Set down, exactly as they stand, the lines from the one containing "El calibre estándar" through the last line of the records below, leaving every picture out.

Supplied material START

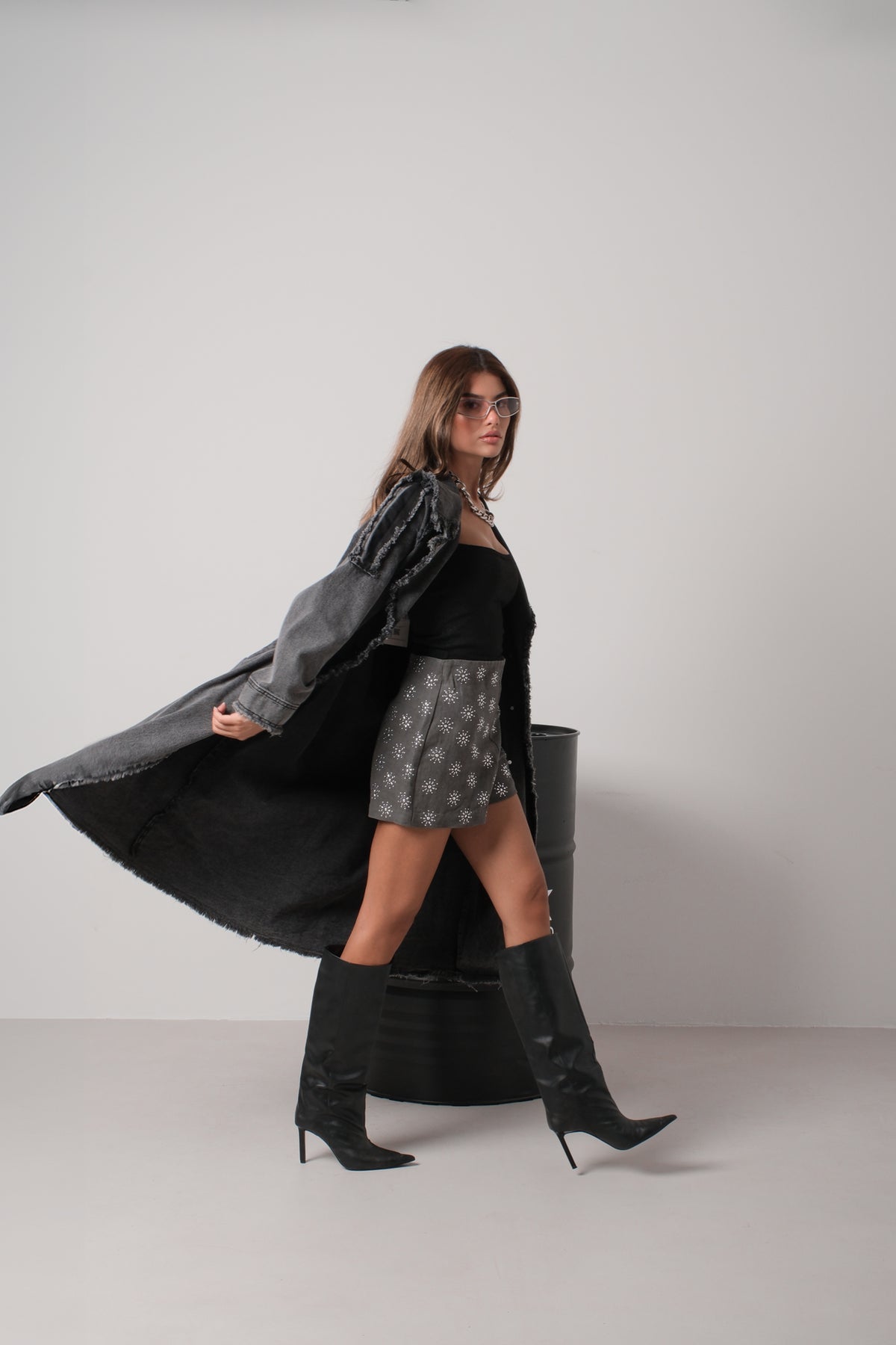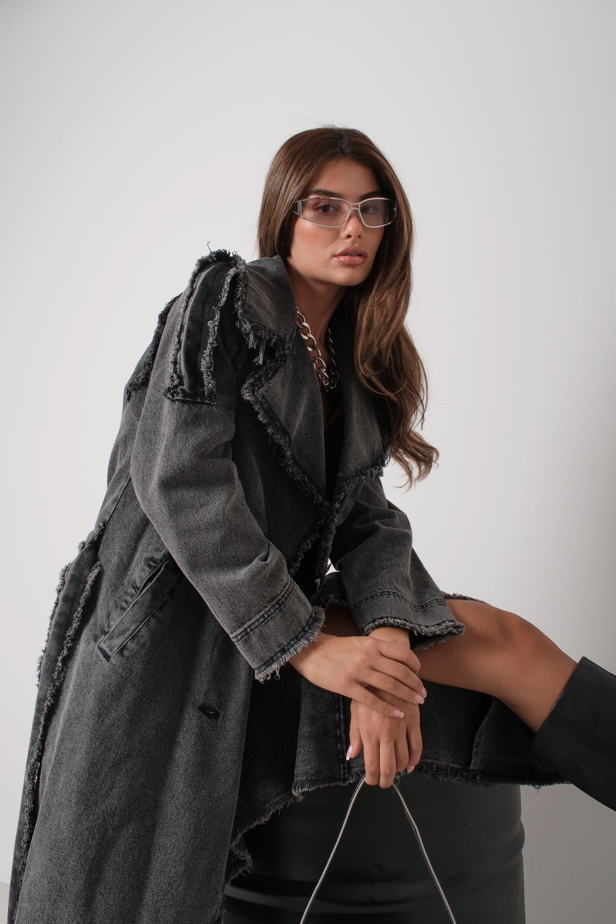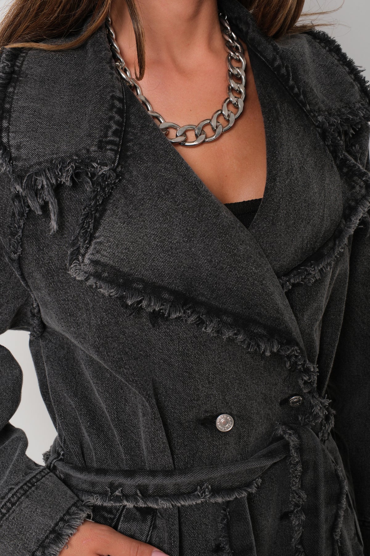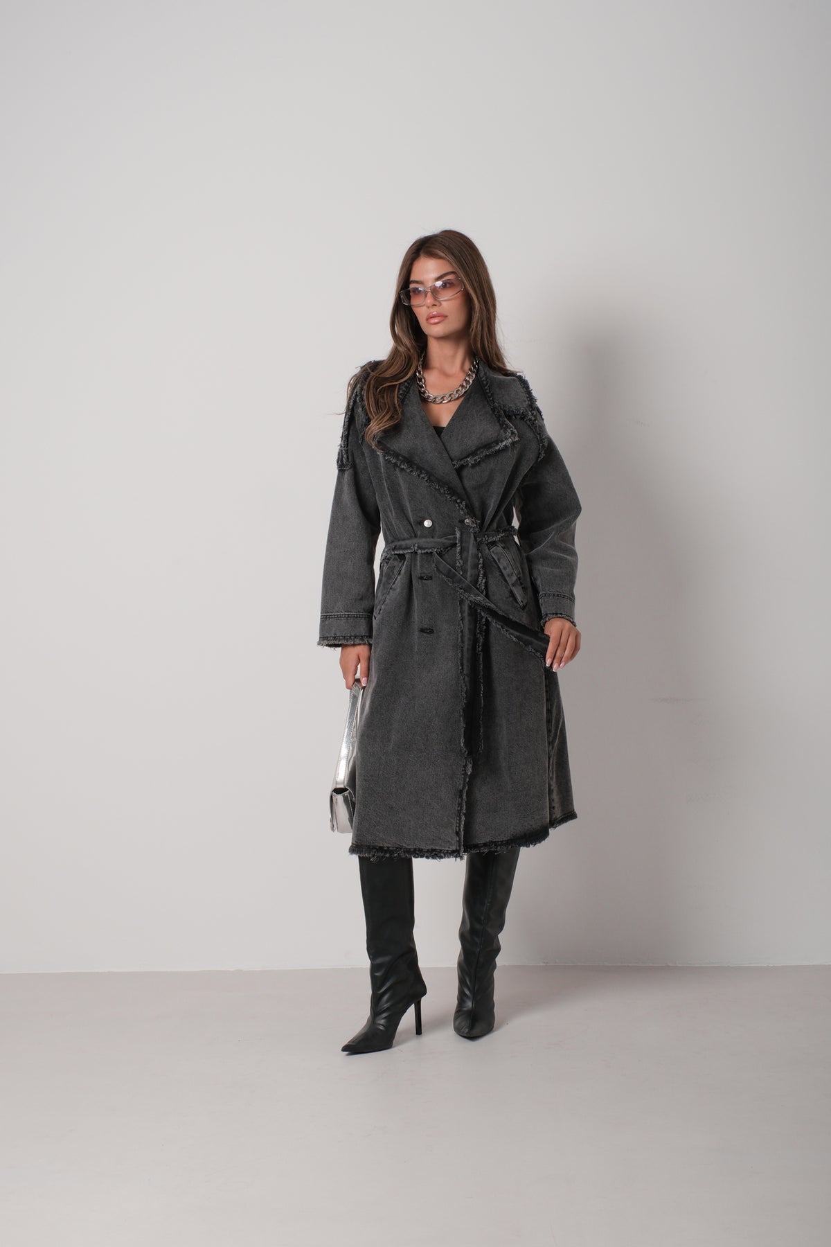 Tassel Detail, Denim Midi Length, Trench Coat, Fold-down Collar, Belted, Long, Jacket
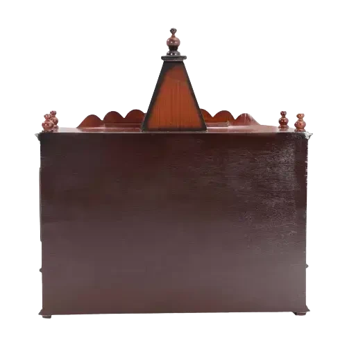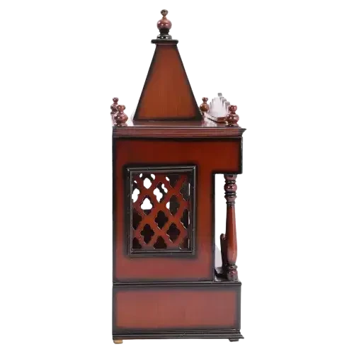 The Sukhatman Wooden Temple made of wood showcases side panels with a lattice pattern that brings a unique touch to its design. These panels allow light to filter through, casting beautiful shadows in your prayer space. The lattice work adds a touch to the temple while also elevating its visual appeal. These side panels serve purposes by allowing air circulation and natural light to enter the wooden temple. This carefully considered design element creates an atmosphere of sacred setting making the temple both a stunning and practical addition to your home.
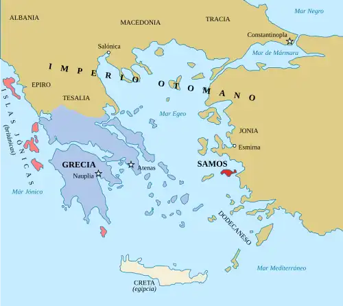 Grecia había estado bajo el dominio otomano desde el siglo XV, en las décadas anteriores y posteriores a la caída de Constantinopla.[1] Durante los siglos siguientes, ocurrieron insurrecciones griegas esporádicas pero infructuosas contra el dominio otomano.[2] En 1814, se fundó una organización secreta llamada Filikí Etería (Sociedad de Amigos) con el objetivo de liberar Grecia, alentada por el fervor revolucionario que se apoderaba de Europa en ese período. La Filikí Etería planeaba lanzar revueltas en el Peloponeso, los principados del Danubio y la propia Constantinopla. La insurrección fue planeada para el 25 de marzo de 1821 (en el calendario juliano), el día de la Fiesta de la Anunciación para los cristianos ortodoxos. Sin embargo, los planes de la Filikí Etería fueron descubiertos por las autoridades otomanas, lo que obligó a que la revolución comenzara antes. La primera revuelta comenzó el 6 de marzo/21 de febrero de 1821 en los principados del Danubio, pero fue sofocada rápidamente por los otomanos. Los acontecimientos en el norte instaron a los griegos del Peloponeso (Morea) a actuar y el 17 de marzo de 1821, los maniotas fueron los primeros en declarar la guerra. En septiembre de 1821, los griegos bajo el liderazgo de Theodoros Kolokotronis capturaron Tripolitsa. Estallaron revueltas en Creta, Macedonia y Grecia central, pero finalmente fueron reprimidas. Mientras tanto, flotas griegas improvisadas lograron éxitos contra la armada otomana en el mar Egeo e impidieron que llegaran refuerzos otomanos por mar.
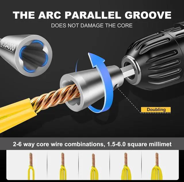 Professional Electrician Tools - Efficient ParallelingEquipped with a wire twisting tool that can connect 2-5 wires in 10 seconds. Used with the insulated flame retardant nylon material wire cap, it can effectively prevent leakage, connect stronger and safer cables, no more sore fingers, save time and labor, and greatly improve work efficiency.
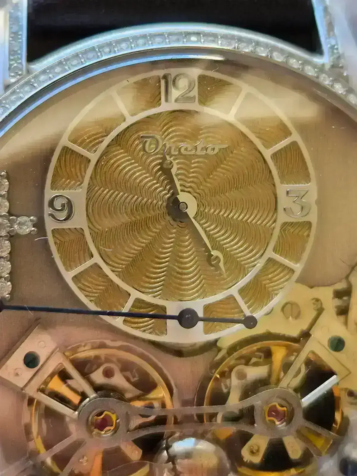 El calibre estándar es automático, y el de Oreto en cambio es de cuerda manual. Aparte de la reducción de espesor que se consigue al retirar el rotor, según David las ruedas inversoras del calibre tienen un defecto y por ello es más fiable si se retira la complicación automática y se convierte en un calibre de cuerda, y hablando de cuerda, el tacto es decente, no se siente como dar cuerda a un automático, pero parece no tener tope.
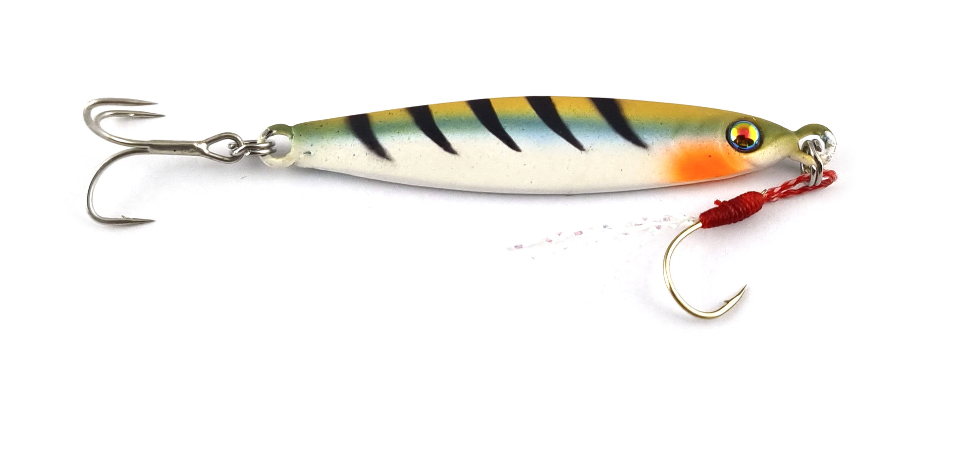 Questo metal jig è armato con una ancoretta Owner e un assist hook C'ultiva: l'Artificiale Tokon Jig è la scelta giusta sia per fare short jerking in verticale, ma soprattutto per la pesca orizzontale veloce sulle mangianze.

Supplied material END

__Solution__:
 El calibre estándar es automático, y el de Oreto en cambio es de cuerda manual. Aparte de la reducción de espesor que se consigue al retirar el rotor, según David las ruedas inversoras del calibre tienen un defecto y por ello es más fiable si se retira la complicación automática y se convierte en un calibre de cuerda, y hablando de cuerda, el tacto es decente, no se siente como dar cuerda a un automático, pero parece no tener tope.
 Questo metal jig è armato con una ancoretta Owner e un assist hook C'ultiva: l'Artificiale Tokon Jig è la scelta giusta sia per fare short jerking in verticale, ma soprattutto per la pesca orizzontale veloce sulle mangianze.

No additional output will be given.